Reputation: 464
I have a JavaRDD when I print it my data looks like this [[String1,String2,String3],[String4],[String5,String6],[String7,String8,String9]]
Each String is in turn a pipe separated strings. I can split each string to form a key and value.
How can I convert this RDD to a JavaPairRDD?
Upvotes: 0
Views: 2863
Reputation: 1922
Follow below code snippet for transforming JavaRDD<K> into JavaPairRDD<K,V>
JavaPairRDD<Integer, Sensor> deviceRdd = sensorRdd.mapToPair(new PairFunction<Sensor, Integer, Sensor>() {
public Tuple2<Integer, Sensor> call(Sensor sensor) throws Exception {
Tuple2<Integer, Sensor> tuple = new Tuple2<Integer, Sensor>(Integer.parseInt(sensor.getsId().trim()), sensor);
return tuple;
}
});
Upvotes: 0
Reputation: 2995
Assuming you have such data in JavaRDD<List<String>>
:
List_0: ["sub10~sub11~sub12","sub20~sub21~sub22","sub30~sub31~sub32"]
List_1: ["sub40~sub41~sub42"]
Where ~
is the separator.
And you want to flat the lists and group the first and the third sub string with |
as the key for each input string, then store pairs in JavaPairRDD<String,String>
:
key: "sub10|sub12" value: "sub10~sub11~sub12"
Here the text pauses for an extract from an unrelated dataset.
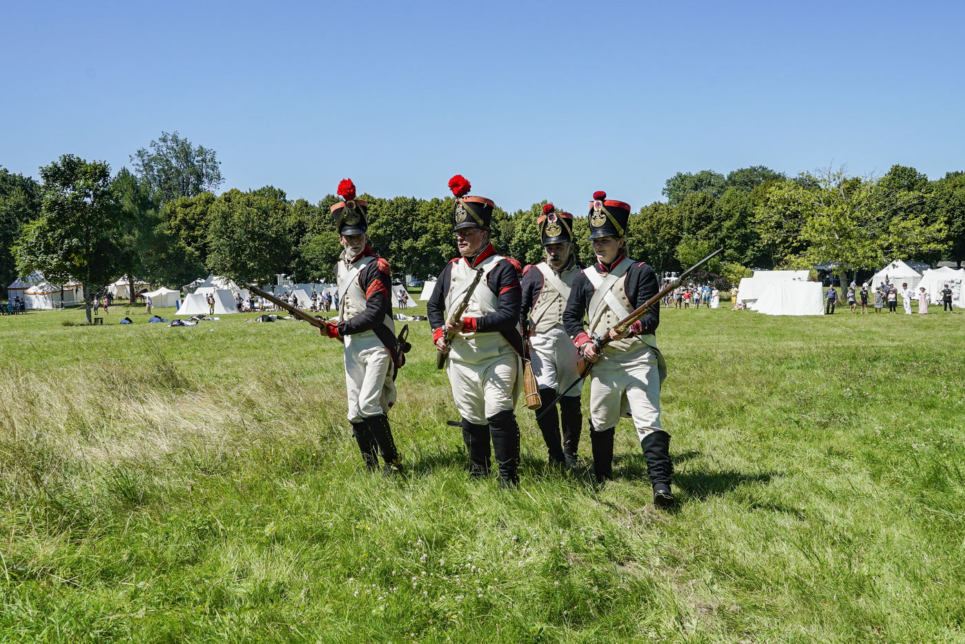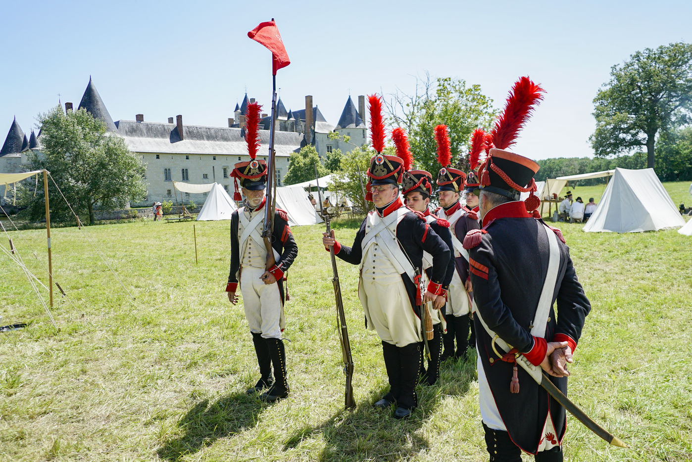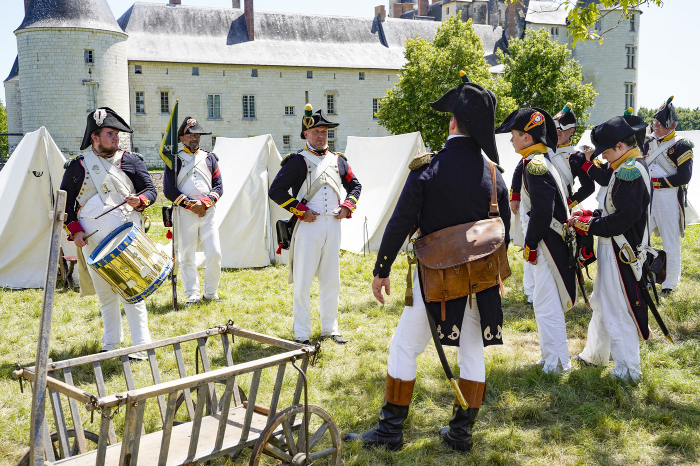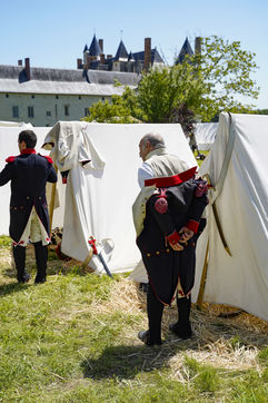 On the occasion of the bicentenary of Napoleon's death, imperial history enthusiasts are re-enacting a life-size confrontation between the French Empire and the Chouans' army at the Château du Plessis-Bourré (Maine-et-Loire, 49). In period uniforms and costumes, they recreate daily life at the time of the First Empire and the bivouacs of the Great Army.
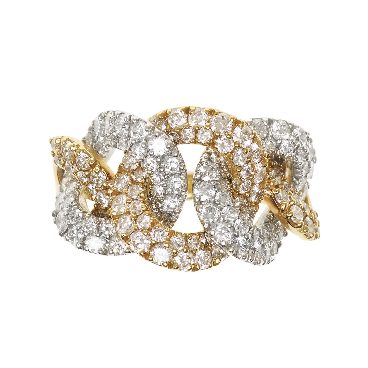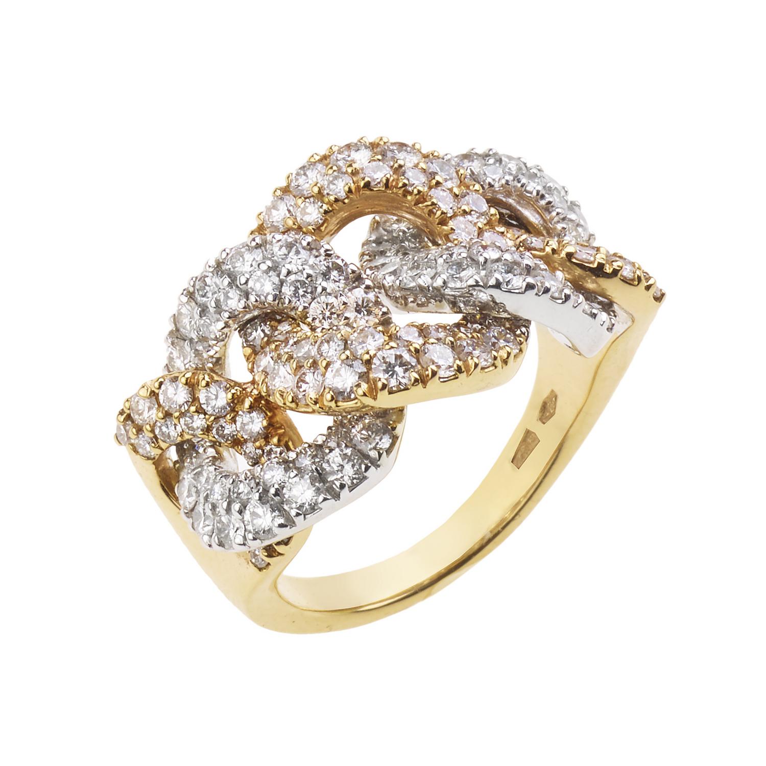 ANELLO IN ORO ROSA, BIANCO E DIAMANTI la parte superiore realizzata a maglia...

You could achieve this by using flatMap
and then mapToPair
:
rdd.flatMap(new FlatMapFunction<List<String>,String>() {
public Iterable<String> call(List<String> li) throws Exception {
return li;
}
}).mapToPair(new PairFunction<String,String,String>() {
public Tuple2<String, String> call(String s) throws Exception {
String[] ss = s.split("~");
return new Tuple2<String,String>(ss[0] + "|" + ss[2], s);
}
});
Upvotes: 1